Editorial

Better transportation

Little by little, details of the purchase by the Cape Girardeau County Transit Authority of Kelley Transportation Inc. are shedding light on what transit officials hope will be a major step toward meeting the transportation needs that have topped the concerns of community-assessment surveys for several years.

Kelley Transportation operates the taxi service in Cape Girardeau that has provided subsidized rides using ticket vouchers issued by the city and funded by a federal transportation grant funneled through the Missouri Department of Transportation. When the deal is concluded -- and that's expected any day now -- that subsidy will go to the county transit authority to offset the cost of providing public transportation in Cape Girardeau.

In addition, the transit authority hopes to use other profitable Kelley operations to finance its operations. And federal funding will be available to pay 80 percent of the cost of new shuttle vans, some of which will be used to provide service along a fixed route in Cape Girardeau.

Although the county transit authority was created by the Cape Girardeau County Commission several years ago, it has been unable to provide point-to-point rides inside Cape Girardeau because of the existing grant-subsidized taxi service. With the Kelley deal, the transit authority will be able to coordinate public transportation throughout the county, including inside Cape Girardeau.

County commissioners will co-sign a bank loan to help finance the deal, but the commissioners are careful to point out that the county isn't making the Kelley purchase. That's being done by the transit authority.

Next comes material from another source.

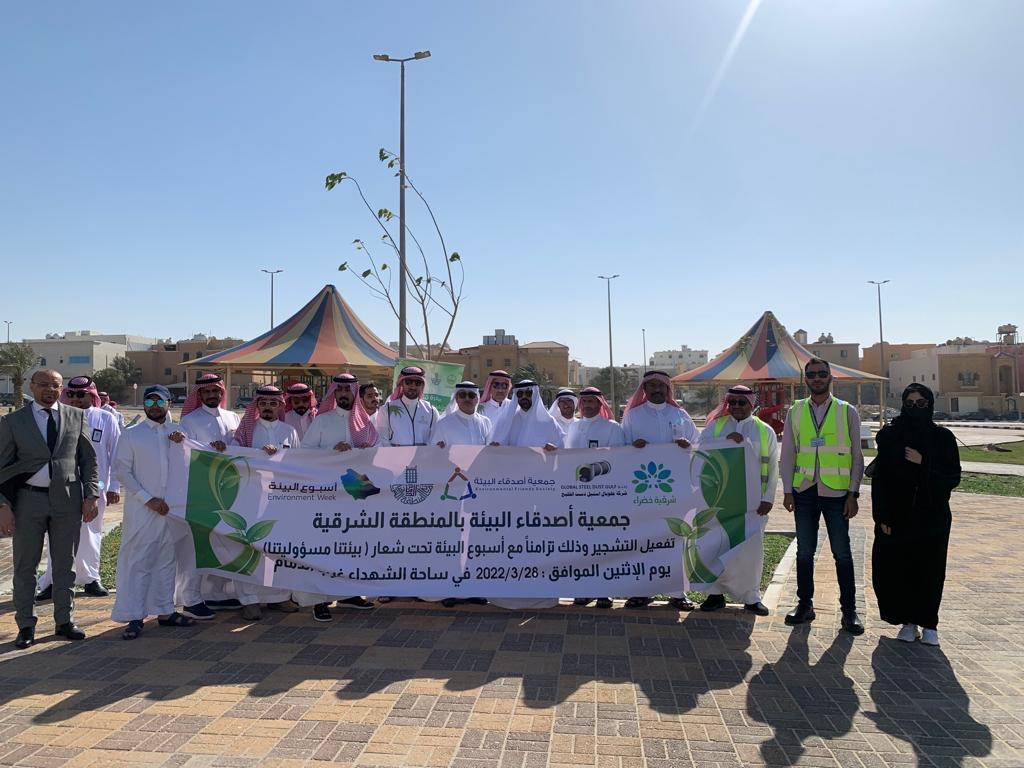 زرعت جمعية أصدقاء البيئة، 250 شتلة برية في ساحة الشهداء، تحت شعار ”بيئتنا مسؤوليتنا“، وذلك بالتعاون مع أمانة المنطقة الشرقية، وفرع وزارة البيئة والمياه والزراعة بالمنطقة الشرقية، وحضور رئيس بلدية غرب الدمام م. فايز الشمري، وعدد من المديرين والمسؤولين في الدوائر الحكومية على مستوى المنطقة.

It will take months, if not years, to determine how effective and practical the transit authority's operations are. There are still dozens of other government-subsidized transportation operations in the county that, because of their funding sources, must restrict who rides in their vehicles. At some point it would be best if the transit authority could oversee all those transportation operations, even merging them all into one unified system for efficiency and operational savings.

Until then, the transit authority's purchase of Kelley Transportation offers an opportunity for broad test of the authority's capabilities in serving the public demand for more and better public transportation.